Palermo-Modena, gara valida per l’ottava giornata del campionato di Serie B, ha il sapore dei ricordi per Davide Di Gennaro, ex centrocampista che ha vestito nella sua carriera le maglie delle due compagini. Con entrambe, ha vissuto emozioni speciali: da un lato la promozione in massima categoria – l’ultima nella storia dei rosanero – dall’altro lato una delle sue migliori stagioni in cadetteria, tra presenze e gol. Ai microfoni di Sporticily, da speciale spettatore, ha analizzato la sfida che vede affrontarsi allo Stadio Renzo Barbera la prima e la seconda in classifica.
Di Gennaro su Palermo-Modena
“Modena – ha premesso Davide Di Gennaro – è un’esperienza che ricordo con grande piacere. È stata una stagione di livello, sebbene arrivassi da un infortunio grave, avuto l’anno prima a Padova. È stato un periodo di rinascita, mi sono trovato bene grazie all’ambiente, alla società e ai compagni. Insieme a quella di La Spezia, è stata la stagione più prolifica dal punto dei vista dei gol. Sono riuscito a dimostrare in maniera netta quello che era il mio calcio. Avevo sicuramente grandi responsabilità datemi dal mister e dai compagni, nonostante la mia giovane età. Questo mi ha permesso di esprimermi al meglio in una piazza che vive di calcio e che ha una tradizione importante”.
Una piazza che adesso sogna il ritorno da Serie A, seppure non molti avrebbero puntato su un avvio di stagione così positivo. “Palermo-Modena è uno scontro importante, anche se siamo all’inizio del campionato. È una buona occasione per confrontarsi. Il Modena non partiva con i favori del pronostico, ma quando sei lì l’appetito vien mangiando, come recita un detto. È una squadra che, per le qualità che ha, può rimanere in alto. Dopo un ottimo avvio, la partita col Palermo sarà un’occasione per dimostrare cosa può dire in questa stagione”.

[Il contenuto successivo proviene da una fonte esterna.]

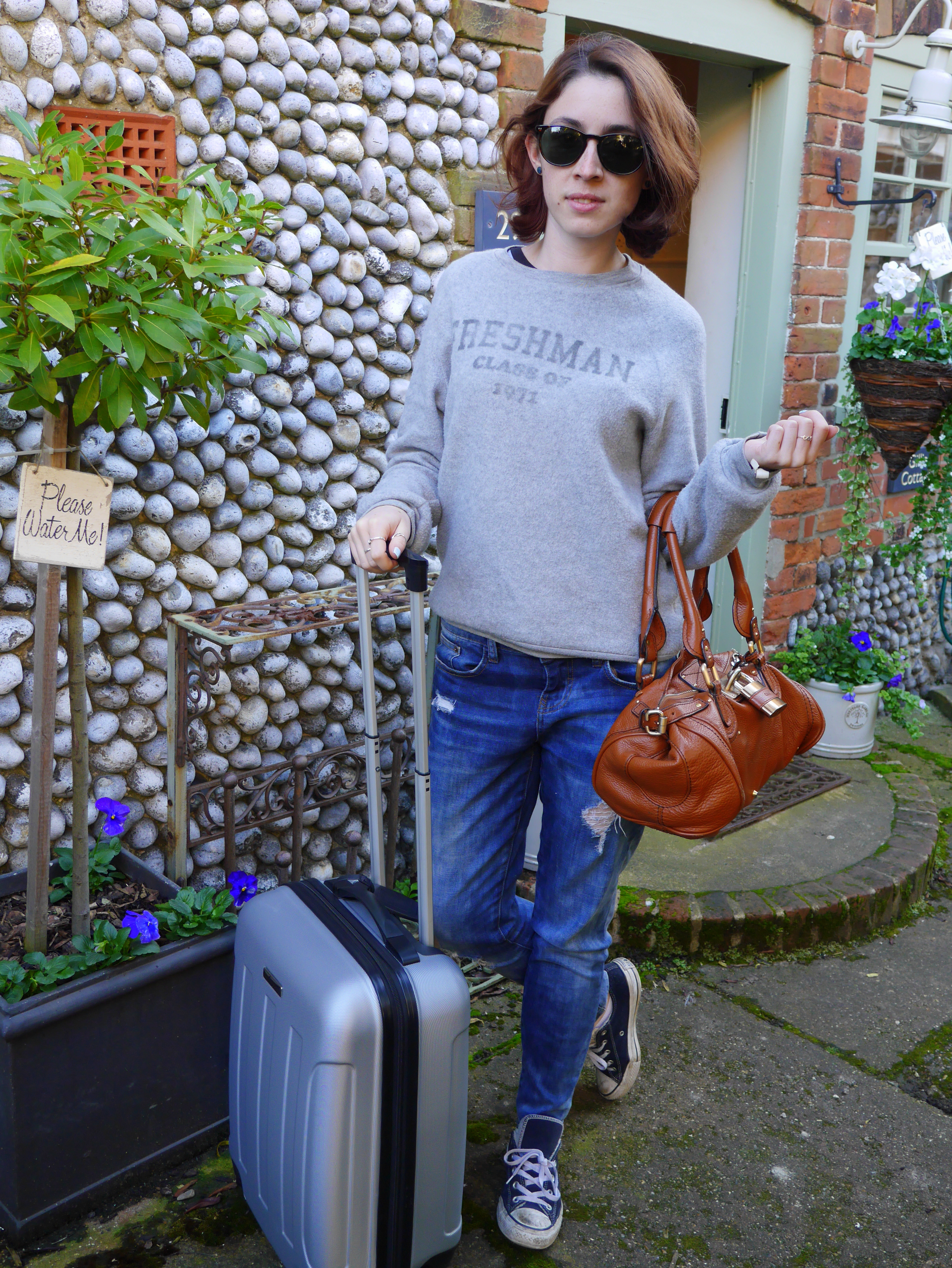 Sweatshirt – Topshop|Jeans – New Look|Shoes – Converse (similar)|Bag – Chloe|Sunglasses – Ralph Lauren.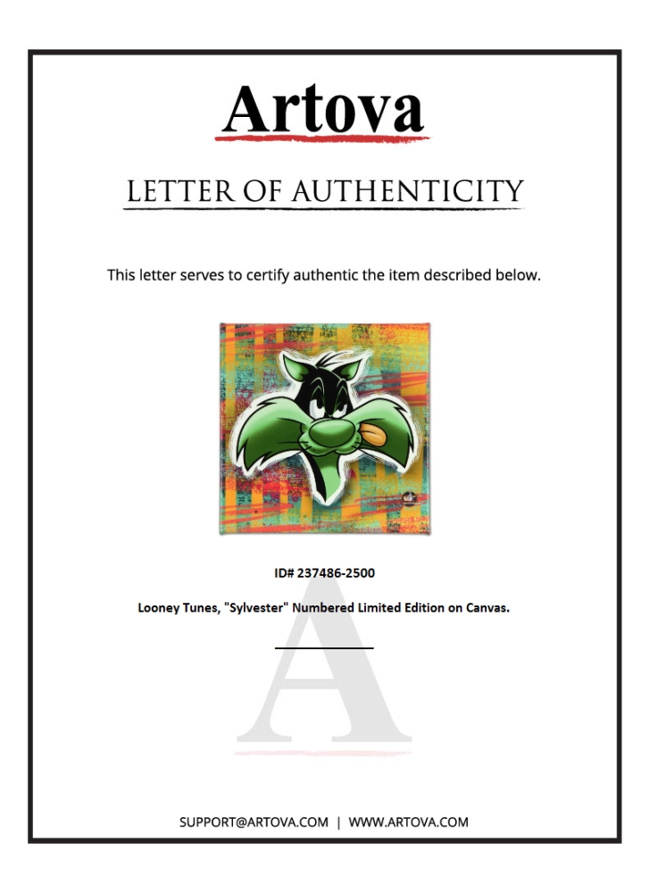 "Sylvester" is a limited edition giclee on gallery wrapped canvas by Looney Tunes. This piece comes from an edition of 500 and bears an imprint of Looney Tunes' official seal. Includes Certificate of Authenticity. Measures approx. 10" x 10" (image)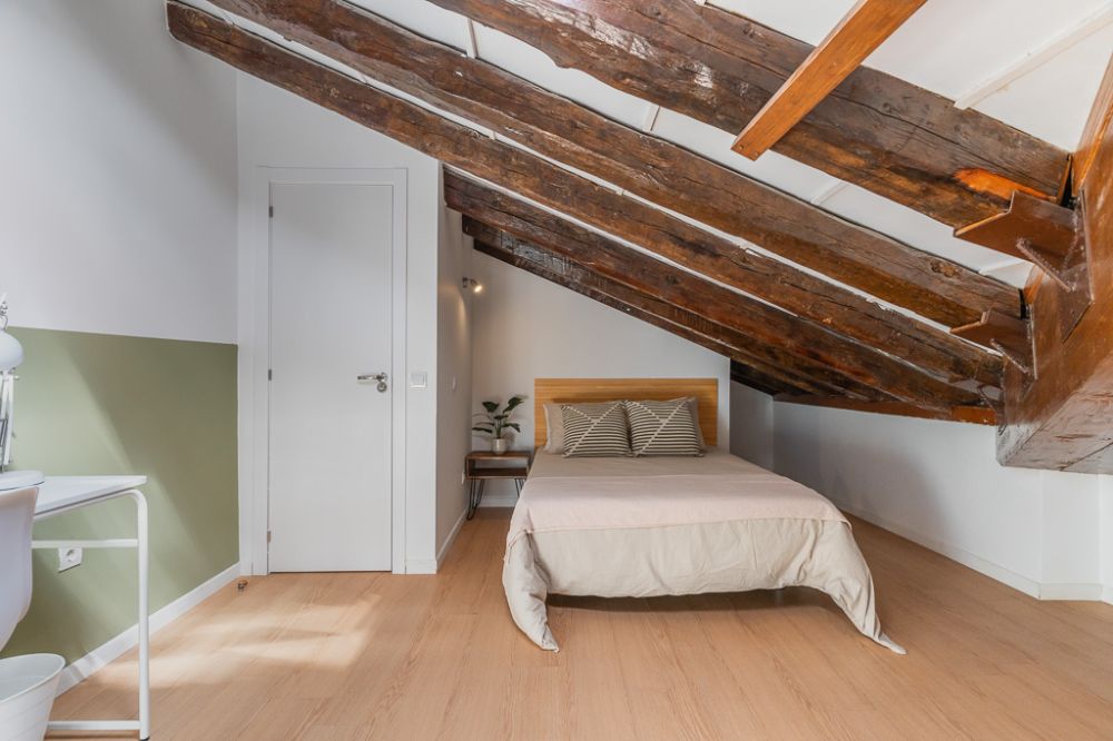 Spacious room on Preciados Street, on the second floor of the apartment, in the heart of Madrid. This 17.00 m² room is furnished with a 1.35 m double bed, a 3-door wardrobe with a mirror, desk with lamp and chair, bedside table, and a fan. The kitchen and dining area are shared with the other tenants. Bedding is not included; only the mattress cover is provided. - Don't smoke - Pets are not allowed - Parties are forbidden - Take out the trash daily - Short-term visits are allowed - be informed that in this flat a device has been installed in order to allow the monitoring of the noise level (decibels) 24 hours a day. The system emits an alert whenever the sound level exceeds the maximum allowed by the Community of Madrid, mainly between 11pm and 6am.
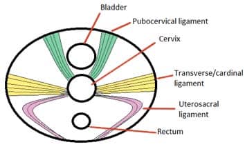 The ligaments of the female reproductive tract are a series of structures that support the internal female genitalia in the pelvis. The ligaments of the female reproductive tract can be divided into three categories: Broad ligament – a sheet of peritoneum, associated with both the uterus and ovaries. Uterine ligaments – ligaments primarily associated with the uterus. Ovarian ligaments – ligaments primary associated with the ovaries. Collectively, these ligaments are tough and non-extensible. They act to support the female viscera and provide a conduit for neurovascular structures. In this article, we shall look at the attachments and anatomical relations of the ligaments of the female reproductive tract. Pro Feature - 3D Model You've Discovered a Pro Feature Access our 3D Model Library Explore, cut, dissect, annotate and manipulate our 3D models to visualise anatomy in a dynamic, interactive way. Learn More Broad Ligament The broad ligament is a flat sheet of peritoneum, associated with the uterus, fallopian tubes and ovaries. It extends from the lateral pelvic walls on both sides, and folds over the internal female genitalia, covering their surface anteriorly and posteriorly. Subdivisions Anatomically, the broad ligament can be divided into three regions: Mesometrium – Surrounds the uterus and is the largest subsection of the broad ligament. It runs laterally to cover the external iliac vessels, forming a distinct fold over them. The mesometrium also encloses the proximal part of the round ligament of the uterus. Mesovarium – Part of the broad ligament associated with the ovaries. It projects from the posterior surface of the broad ligament and attaches to the hilum of the ovary, enclosing its neurovascular supply. It does not, however, cover the surface of the ovary itself. Mesosalpinx – Originates superiorly to the mesovarium, enclosing the fallopian tubes. By TeachMeSeries Ltd (2025) Fig 1The three parts of the broad ligament. Anatomical Relations The broad ligament is related to many structures within the female pelvis. It is attached to the uterus, fallopian tubes and ovaries. These organs are supplied by the ovarian and uterine arteries, which are also contained within the broad ligament. Three other ligaments of the female reproductive tract are located within the broad ligament: Ovarian ligament. Round ligament of uterus. Suspensory ligament of ovary (also known as the infundibulopelvic ligament). (These ligaments shall be explored in more detail later in the article). Ligaments Associated with the Ovary There are two main ligaments that attach to the ovary – the ovarian ligament and suspensory ligament of ovary. Ovarian Ligament The ovarian ligament is attached to the ovary inferiorly. It connects the ovary to the side of the uterus. Structurally, it is a fibrous band of tissue that lies within the broad ligament. It joins the uterus just below the origin of the fallopian tubes. Suspensory Ligament of Ovary The suspensory ligament of ovary extends outwards from the ovary to the lateral abdominal wall. It consists of a fold of peritoneum, thus some sources consider it to be part of the broad ligament. The function of this ligament is to contain the ovarian vessels and nerves (ovarian artery, ovarian vein, ovarian nerve plexus and lymphatic vessels). By TeachMeSeries Ltd (2025) Fig 2The major ligaments of the ovary. Ligaments Associated with the Uterus There are a number of ligamentous structures that attach to the uterus. They can be divided by where they attach to the uterus: Superior aspect – supported by the broad ligament and the round ligaments. Middle aspect – supported by the cardinal, pubocervical and uterosacral ligaments. The inferior aspect of uterus is supported by the structures in the pelvic floor – the levator ani, perineal membrane and perineal body. Round Ligament The round ligament is a remnant of the embryonic gubernaculum. It originates at the uterine horns (the points at which the fallopian tubes enter the uterus), and attaches to the labia majora, passing through the inguinal canal. The round ligament can be a source of pain during pregnancy, due to the increased force placed on the ligament by the expanding uterus. Cardinal Ligaments The cardinal ligaments are also known as the lateral, transverse cervical, or Mackenrodt’s ligaments. They are situated along the inferior border of the broad ligament and house the uterine artery and uterine veins. These ligaments arise from the side of the cervix and the lateral fornix of the vagina. They provide an extensive attachment on the lateral pelvic wall at the level of the ischial spines. Some fibres of the cardinal ligaments interdigitate with fibres from the uterosacral ligaments. When a hysterectomy is being performed due to a malignancy, the cardinal ligaments are often removed as they are common reservoir of cancerous cells. Pubocervical Ligaments The pubocervical ligaments are bilateral structures, which attach the cervix to the posterior surface of the pubic symphysis. They function to support the uterus within the pelvic cavity. Uterosacral Ligaments The uterosacral ligaments are also bilateral fibrous bands, which attach the cervix to the sacrum. They are also known as the recto-uterine ligaments or sacrocervical ligaments. This supports the uterus and holds it in place. By TeachMeSeries Ltd (2025) Fig 3Overview of the uterus and fallopian tubes, and associated ligaments By TeachMeSeries Ltd (2025) Fig 4The major ligaments of the cervix. Do you think you’re ready? Take the quiz below Pro Feature - Quiz Ligaments of the Female Reproductive Tract Question 1 of 3 Submitting... Skip Next Rate question: You scored 0% Skipped: 0/3 1800 More Questions Available Upgrade to TeachMeAnatomy Pro Challenge yourself with over 1800 multiple-choice questions to reinforce learning Learn More Rate This Article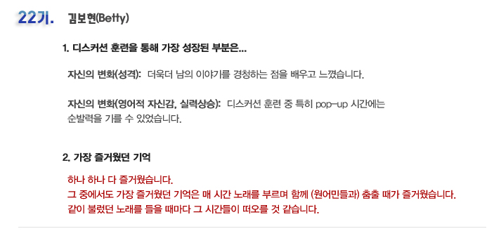 단기 집중 국내 어학연수 22기 동슬기 6개월의 변화과정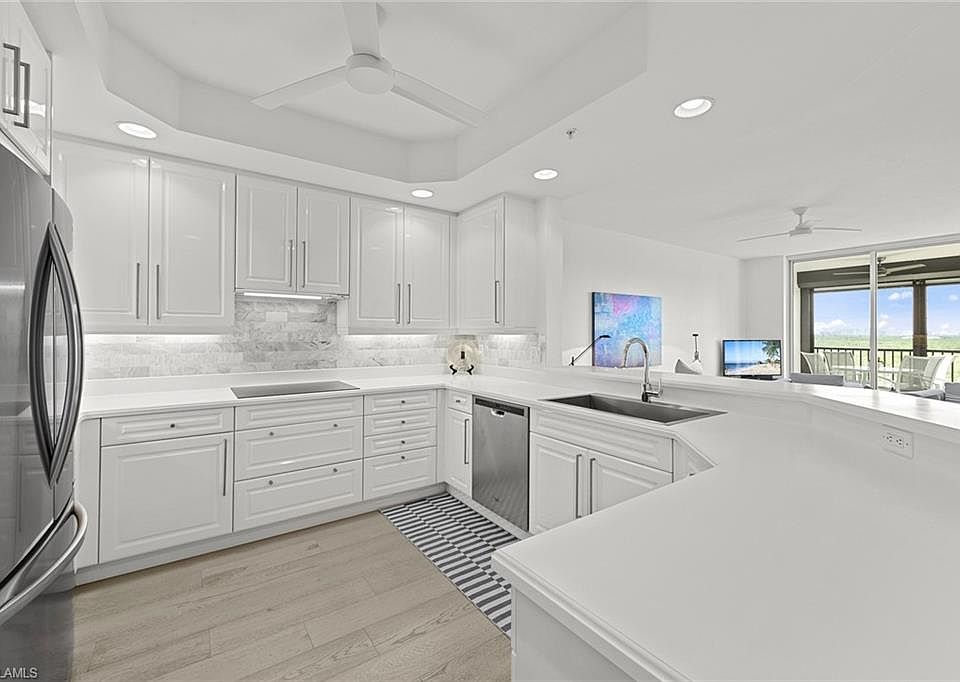 The most luxurious feeling unit available with a view in Cove Towers. Improvements galore including new 8" wide plank naturally aged Medallion Collection Hardwood flooring in living area, new carpet in bedrooms 2015, new Master bath 2020 with frameless shower door, 12 x 24 Porcelain tile, Quartz countertops, Hansgrohe single lever Lav faucets, new guest bathroom 2015 with marble countertop, sink, faucet, toilet and hardware, new Hinkley, Hunter and Minko Aire lighting and ceiling fans, new LG French door refidgerator 2019 with new induction cooktop, Whirlpool convection oven, microwave and dishwasher, Marble subway tile backsplash, sink, faucet and hardware 2015, 2014 Samsung clothes dryer and 2020 Samsung clothes washer, new York AC 2017, new Rheem hot water heater 2014, extra flooring, carpet and tile, Electric Hurricane shutters serviced regularly by Shutter Doctor of Naples. Storage unit is located right next to parking spot, so very convenient. This unit has been pristinely cared for, clean, light and bright with all the current popular colors and gorgeous views, day or night of the Gulf of Mexico , watch the boats come in on Wiggins Pass Inlet and sunsets galore!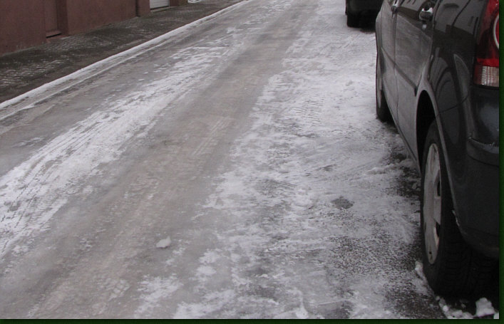 ... ist mein Auto verschwunden, die Straße spiegelglatt ...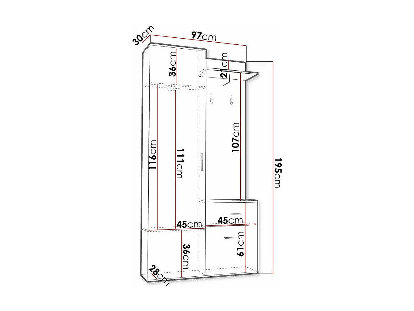 Meuble d'entrée Stanton 141, 195x97x28cm, Noir|Chêne wotan, Stratifié, À poser

Davide Di Gennaro, da parte sua, è però dell’idea che questo possa e debba essere l’anno del Palermo, che ormai da diversi anni cerca la strada giusta per tornare nella categoria che merita. “È una squadra che quest’anno ha il dovere di provare a vincere il campionato, ha tutti i valori per farcela e ha preso un allenatore a cui sono parecchio legato, che spero possa essere il suo condottiero verso la promozione”.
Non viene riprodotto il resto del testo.